IL BILANCIO Lo sforzo finanziario destinato alla voce famiglia, che può essere valutato con criteri diversi, non è comunque trascurabile nel bilancio pubblico italiano: si arriva intorno ai 20 miliardi l’anno sommandone circa 13 di detrazioni Irpef per carichi di famiglia, oltre 6 di assegni familiari concessi a vario titolo e altre voci minori. Dal punto di vista di un singolo nucleo familiare con reddito basso, alla nascita di un figlio può corrispondere un beneficio non lontano dai 5 mila euro l’anno, destinato poi a ridursi negli anni successivi ed in particolare dopo il terzo di vita. Ma bisogna appunto conoscere tutte le prestazioni a cui si ha diritto e fare le necessarie domande.
La novità delle misure previste dalla legge di bilancio appena passata all’esame del Senato è che non prevedono un requisito di reddito: andranno quindi anche a chi ha una situazione economica buona o molto buona. Sarà l’Inps, con procedure che ancora devono essere precisate, ad erogare sia il premio alla nascita una tantum da 800 euro, ottenibile già al settimo mese di gravidanza, sia il buono nido da 1.000 euro l’anno (su 11 mensilità) per il quale andranno naturalmente presentati gli opportuni documenti di iscrizione. Il sostegno per i nidi può essere richiesto fino ai tre anni del bambino, ma sarà riconosciuto solo nel limite delle risorse stanziate (144 milioni il prossimo anno, circa 300 a regime): raggiunte queste soglie l’Inps non accetterà più domande. Inoltre i genitori dovranno ricordare che non hanno diritto alle detrazioni Irpef per la stessa finalità, e nemmeno ai già esistenti voucher nido, entrambi benefici incompatibili.
LA DOMANDA Sempre all’Inps va presentata la domanda per l’assegno di natalità, introdotto nel 2015 e più noto come bonus bebè, per avere il quale occorre però un Isee (indicatore di situazione economica equivalente) entro i 25 mila euro. Sono 960 euro (80 euro al mese) per tre anni, ma se l’Isee non supera i 7 mila euro l’importo raddoppia.
Serve invece di solito una comunicazione al datore di lavoro, se gli interessati sono dipendenti, per far scattare alla nascita del figlio l’assegno al nucleo familiare (Anf) e la detrazione Irpef (che spetta anche per il solo coniuge a carico). In entrambi i casi gli effetti si vedranno in busta paga: sono consistenti, fino a 2-3 mila euro l’anno, se il reddito è basso e poi si riducono al crescere di quest’ultimo fino ad azzerarsi. Attenzione però: il reddito da considerare ai fini dell’Anf è quello familiare e comprende anche alcune voci esenti da Irpef. L’assegno può essere richiesto direttamente all’Inps da pensionati, lavoratori domestici, disoccupati e lavoratori autonomi (questi ultimi hanno diritto a prestazioni differenti e ridotte), mentre se non c’è un rapporto di lavoro dipendente la detrazione Irpef va fatta valere in dichiarazione.

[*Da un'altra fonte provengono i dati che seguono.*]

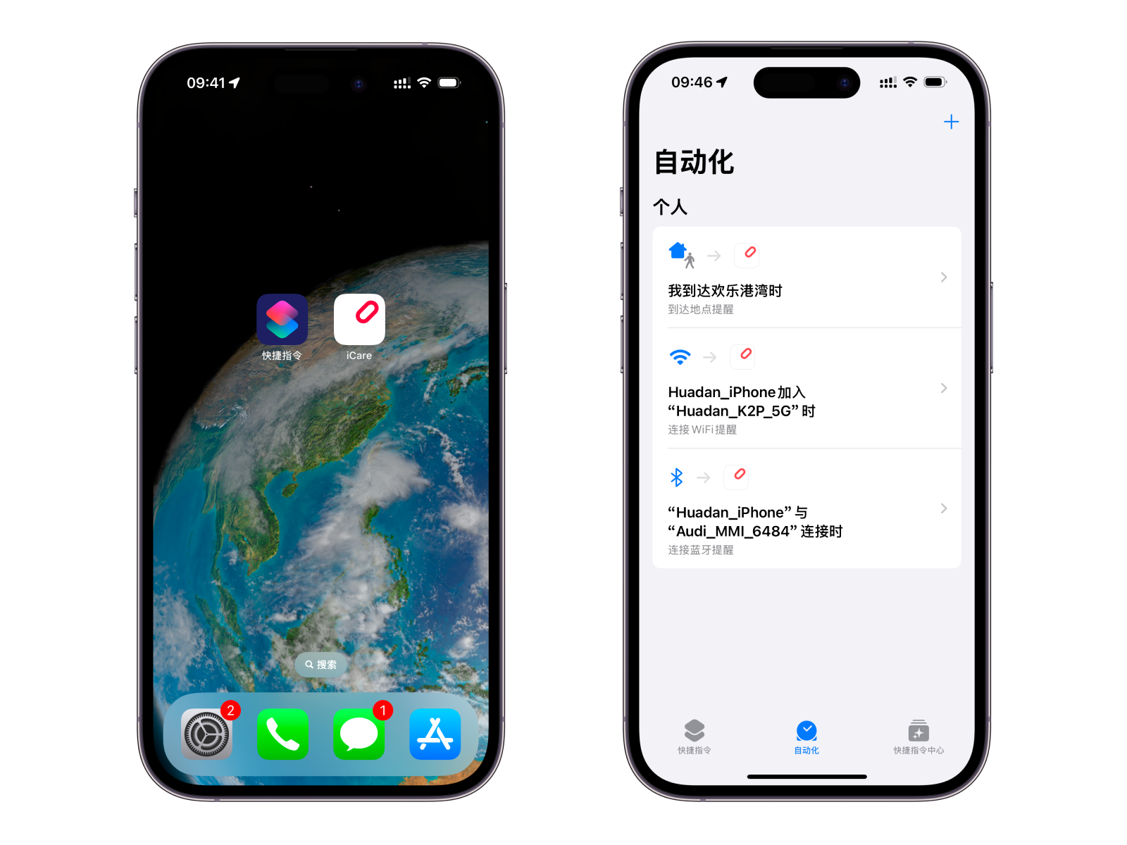 1. 前往快捷指令 app，点击底部 「自动化」 ，点击右上角 「+」 新增一条自动化

Infine altre prestazioni sono erogate dai Comuni, ai quali bisogna quindi rivolgersi: si tratta in particolare dell’assegno di maternità riconosciuto alle donne che non lavorando non hanno trattamenti di questo tipo e dell’assegno aggiuntivo per i nuclei con almeno tre figli minori. In entrambi i casi l’accesso è limitato dall’Isee.